Expert IT Cyber Defense Analyst (Rotational shifts 24/7)

Bachelor’s degree in Computer Science, Cybersecurity, Information Technology, or equivalent practical experience. 5–8+ years of experience in SOC operations, cyber defense, threat hunting, or incident response roles. Strong hands-on expertise with SIEM (Splunk, Sentinel), EDR (CrowdStrike, Microsoft Defender), IDS/IPS, Firewalls, and cloud security monitoring (Azure/AWS). Deep knowledge of Windows, Linux, and cloud audit logs, authentication flows, and security telemetry. Proven experience investigating high-severity incidents, malware behavior, lateral movement, privilege misuse, and network-based threats. Strong understanding of MITRE ATT&CK, cyber kill chain, threat intelligence lifecycle, and adversary detection techniques. Experience writing detection rules, triage workflows, and automated SOAR playbooks. Strong analytical, investigative, and communication skills.

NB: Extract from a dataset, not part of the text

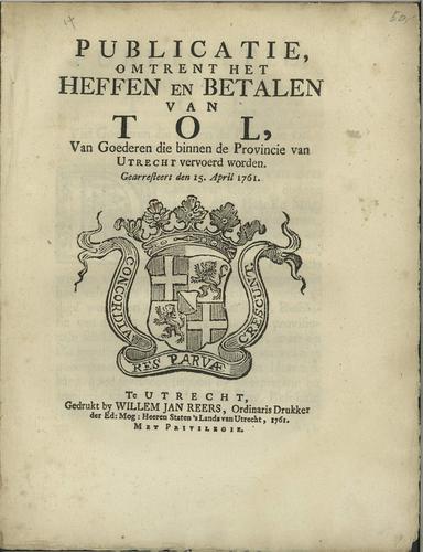 Plakkaat tolheffing provincie Utrecht, 1761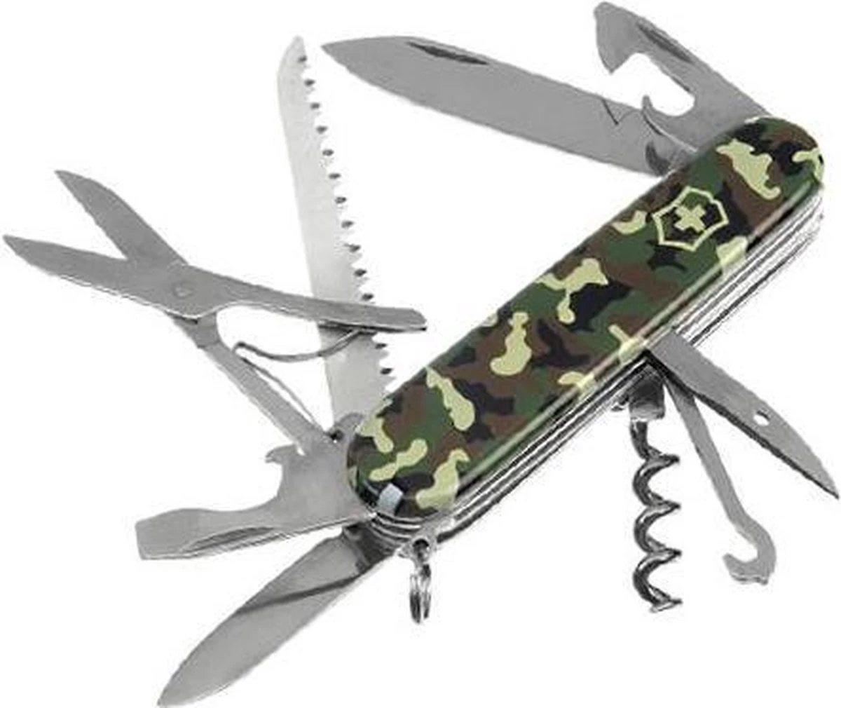 Victorinox Huntsman Zakmes camouflage 15 functies Met de toevoeging van een schaar en een houtzaag kunt u overal in knippen en zagen. Wanneer je in de wildernis bent is een Huntsman in de broekzak erg prettig. Kenmerken – Groot lemmet – Klein lemmet – Blikopener – Schroevendraaier 3 mm – Flesopener – Schroevendraaier 5 mm – Draad stripper – Priem – kurkentrekker – Schaar – Houtzaag – Multifunctionele haak – Tandenstoker – Pincet – Sleutelhanger Gewicht 97 gram Schaalmateriaal ABS/Celidor Grootte 91 mm

Perform continuous monitoring of network, endpoint, identity, cloud, and application telemetry. Identify sophisticated threats by correlating multi-source telemetry and detecting anomalies. Enhance SIEM and EDR detection logic by creating and tuning correlation rules. Lead high-severity incidents and complex investigations. Conduct in-depth forensic analysis of endpoints, logs, and network flows. Collaborate with the Incident Response (IR) team to drive containment, eradication, and recovery. Perform proactive threat hunting aligned with the latest threat intelligence. Serve as a subject matter expert for Tier 1 and Tier 2 analysts. Review and audit alerts handled by junior analysts. Contribute to SOC capability uplift through training and knowledge sharing. Develop, refine, and maintain SOPs and incident response playbooks. Assess business impact of ongoing or emerging threats and prioritize response efforts. Communicate technical findings, risks, and remediation recommendations to stakeholders. Collaborate with Cloud, Infrastructure, Application, and Threat Intelligence teams.